Hören wir nicht auf nachzudenken, wo wir uns einsetzen, wie wir helfen können! Lassen wir unsere Ängste los und öffnen wir unsere Tür! Denn Licht und Leben sind uns zugesagt, der Friede Gottes und die Gemeinschaft des Heiligen Geistes.

Lied (GL 385)
Nun saget Dank und lobt den Herren, denn groß ist seine Freundlichkeit
und seine Gnad und Güte währen von Ewigkeit zu Ewigkeit.
Du, Gottes Volk, sollst es verkünden: Groß ist des Herrn Barmherzigkeit;
er will sich selbst mit uns verbünden und wird uns tragen durch die Zeit.

Fürbitten

Gott will das Heil aller Menschen. Wir legen ihm ans Herz:
  • alle, die Verantwortung tragen in Politik, Wirtschaft und Gesellschaft,

damit ihr Tun der Gerechtigkeit und dem Frieden dient;
  • alle, denen das Lebensnotwendige fehlt, auf dass sie Hilfe finden;
  • alle, denen Schweres auf dem Herzen liegt, damit sie aufatmen können und leben;
  • alle, die ein Scheitern hinter sich haben, auf dass sie neu beginnen können;
  • alle, die satt und zufrieden sind, damit sie ihre Herzen, ihre Hände und ihre Türen öffnen.

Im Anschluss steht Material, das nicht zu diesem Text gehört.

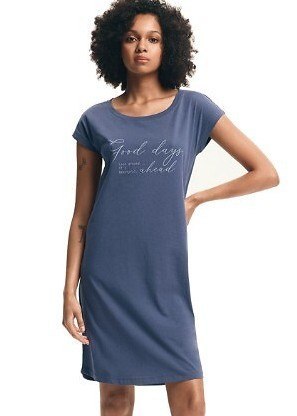 Bawełniana koszula damska z krótkim rękawem i okrągłym dekoltem. Przód ozdobiony nadrukiem, dół lekko zaokrąglony. Skład: 100% bawełna.

Gütiger und treuer Gott! Höre unsere Bitten, wende dich uns zu und gib uns, was gut für uns ist! Amen.

Segen
Gott, der himmlische Vater, schenke uns seine Liebe. Sein Sohn, Jesus Christus, erfülle uns mit neuem Leben. Der Heilige Geist, die Kraft Gottes in uns, stärke und ermutige uns. Der Segen des barmherzigen Gottes komme auf uns herab und bleibe allezeit bei uns. Amen.